AI agents using current language models can optimize detector geometry, digitization, and reconstruction parameters together in a single differentiable simulation for high-energy physics.

A machine-rendered reading of the paper's core claim, the machinery that carries it, and where it could break.

The paper establishes that AI agents can be inserted into the full workflow of designing and tuning particle detectors by means of a bilevel optimization loop. This loop runs a differentiable end-to-end simulation that includes crystal layout, front-end electronics, and high-level reconstruction, letting the agent adjust parameters at every layer at once. The demonstration uses a dual-readout segmented crystal electromagnetic calorimeter whose baseline resolution is given as 3 percent over square root of energy. The authors show that off-the-shelf reasoning models, given no extra experiment-specific instructions, can already carry out the multi-step workflow, reduce selected parameters, and propose further generic improvements. If the result holds, detector R&D moves from sequential expert-driven steps to a more automated traversal of the combined parameter space.

Core claim

The authors present the first implementation of AI agents for detector design in high-energy physics through a bilevel optimization framework. The framework vertically integrates detector geometry, front-end digitization, and high-level reconstruction algorithm parameters inside differentiable full simulations. On the concrete example of a dual-readout segmented crystal electromagnetic calorimeter, the agent simultaneously tunes crystal granularity and length, number of ADC bits, sampling rate, and center-of-gravity hit-clustering radius. The work finds that today’s LLM-based reasoning models, without added experiment-specific context, can execute these complex workflows and suggest relevant

What carries the argument

Bilevel optimization framework that vertically integrates detector geometry, front-end digitization, and reconstruction parameters inside a differentiable full simulation, with an LLM-based agent directing the outer loop.

If this is right

Simultaneous optimization of geometry, digitization, and reconstruction parameters becomes feasible in one run instead of sequential manual stages.
Labor and compute required for exploring detector design spaces are reduced.
Computational checks of first-principles design choices become routine rather than exceptional.
Generic but relevant avenues for further study are identified automatically by the agent.

Where Pith is reading between the lines

These are editorial extensions of the paper, not claims the author makes directly.

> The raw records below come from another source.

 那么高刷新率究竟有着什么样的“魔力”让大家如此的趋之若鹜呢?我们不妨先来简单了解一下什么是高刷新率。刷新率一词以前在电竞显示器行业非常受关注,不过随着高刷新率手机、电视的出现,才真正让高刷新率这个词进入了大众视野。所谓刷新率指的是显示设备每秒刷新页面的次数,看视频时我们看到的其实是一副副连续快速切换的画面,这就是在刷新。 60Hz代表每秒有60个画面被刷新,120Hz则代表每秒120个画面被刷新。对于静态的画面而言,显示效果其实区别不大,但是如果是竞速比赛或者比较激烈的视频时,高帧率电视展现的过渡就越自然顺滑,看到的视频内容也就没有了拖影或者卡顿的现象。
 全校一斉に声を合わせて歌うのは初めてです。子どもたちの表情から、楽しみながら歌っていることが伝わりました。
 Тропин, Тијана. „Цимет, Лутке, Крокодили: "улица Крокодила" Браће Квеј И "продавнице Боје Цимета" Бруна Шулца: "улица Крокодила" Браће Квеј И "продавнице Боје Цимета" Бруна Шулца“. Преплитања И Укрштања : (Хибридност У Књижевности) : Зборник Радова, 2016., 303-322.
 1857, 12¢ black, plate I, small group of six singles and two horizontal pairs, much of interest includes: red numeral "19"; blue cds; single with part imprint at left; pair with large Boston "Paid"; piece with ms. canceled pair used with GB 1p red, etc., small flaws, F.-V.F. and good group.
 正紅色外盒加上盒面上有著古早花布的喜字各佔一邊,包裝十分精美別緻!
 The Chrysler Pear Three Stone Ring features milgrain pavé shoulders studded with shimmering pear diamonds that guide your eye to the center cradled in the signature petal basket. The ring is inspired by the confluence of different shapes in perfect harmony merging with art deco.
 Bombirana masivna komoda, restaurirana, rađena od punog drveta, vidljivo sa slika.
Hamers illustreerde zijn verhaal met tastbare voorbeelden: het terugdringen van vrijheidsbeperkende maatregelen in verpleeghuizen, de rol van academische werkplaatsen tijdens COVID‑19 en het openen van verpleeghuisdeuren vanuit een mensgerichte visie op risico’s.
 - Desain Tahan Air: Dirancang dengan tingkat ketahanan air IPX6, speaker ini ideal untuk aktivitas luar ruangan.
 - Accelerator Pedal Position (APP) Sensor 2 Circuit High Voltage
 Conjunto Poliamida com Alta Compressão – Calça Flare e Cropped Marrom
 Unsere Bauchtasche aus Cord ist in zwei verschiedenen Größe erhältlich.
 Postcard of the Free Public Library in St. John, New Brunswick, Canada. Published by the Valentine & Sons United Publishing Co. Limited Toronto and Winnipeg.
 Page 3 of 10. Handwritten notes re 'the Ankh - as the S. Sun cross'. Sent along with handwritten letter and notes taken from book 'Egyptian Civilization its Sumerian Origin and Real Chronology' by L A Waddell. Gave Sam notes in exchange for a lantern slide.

The same vertically integrated agent loop could be applied to other detector subsystems such as trackers or muon systems to test broader applicability.
Adding modest experiment-specific context or fine-tuning the agent might allow it to make physics-motivated leaps that the current work explicitly does not claim.
Repeated runs on varied calorimeter layouts would provide a direct test of how sensitive the observed optimizations are to the baseline design.

Load-bearing premise

Current LLM-based reasoning models can carry out complex multi-layer detector optimization workflows and suggest relevant improvements without being supplied additional experiment-specific context.

What would settle it

Running the same agent-driven workflow on the dual-readout calorimeter and finding that it fails to reduce any of the listed parameters or produces no relevant improvement suggestions would show the claimed effectiveness does not hold.

Figures

Figures reproduced from arXiv: 2604.21804 by Julia Gonski, Liangyu Wu, Qibin Liu, Wonyong Chung.

**Figure 1.** Figure 1: Bilevel detector optimization framework diagram, indicating geometry-based outer loop view at source ↗

**Figure 2.** Figure 2: Optimization results for the detector geometry: crystal offset and crystal width, using SNR view at source ↗

**Figure 3.** Figure 3: Optimization results for the detector geometry: crystal offset and crystal width, using SNR view at source ↗

**Figure 4.** Figure 4: Optimization results for the digitization parameters. The view at source ↗

read the original abstract

We present the first implementation of AI agents into the design and optimization of detectors in high-energy physics experiments via a bilevel optimization framework that vertically integrates detector geometry, front-end digitization, and high-level reconstruction algorithm parameters in differentiable full simulations. Using the example of a dual-readout, segmented crystal EM calorimeter with a baseline resolution of $3\%/\sqrt{E}$, we investigate the capabilities and value propositions of AI agents in the identification and reduction of key detector parameters and in the nonlinear traversal of a given detector design's full parameter space. We find that LLM-based reasoning models today, without being given additional experiment-specific context, are able to effectively execute complex workflows and proactively suggest generic but relevant avenues for further study or improvement. Here, we demonstrate an AI agent's ability to use the workflow to simultaneously optimize a representative subset of vertically integrated detector parameters: crystal granularity and length, number of ADC bits and sampling rate, and center-of-gravity hit-clustering radius. We find that effective integration of agents into the complex workflows of frontier areas of research not only significantly reduces labor and compute, but opens up efficient avenues for computational validation of first-principles design choices. While the ability to make autonomous leaps of physics-motivated judgment or insight is not demonstrated in this work, this study defines the current frontier of experimental design methods in high-energy physics.

Editorial analysis

A structured set of objections, weighed in public.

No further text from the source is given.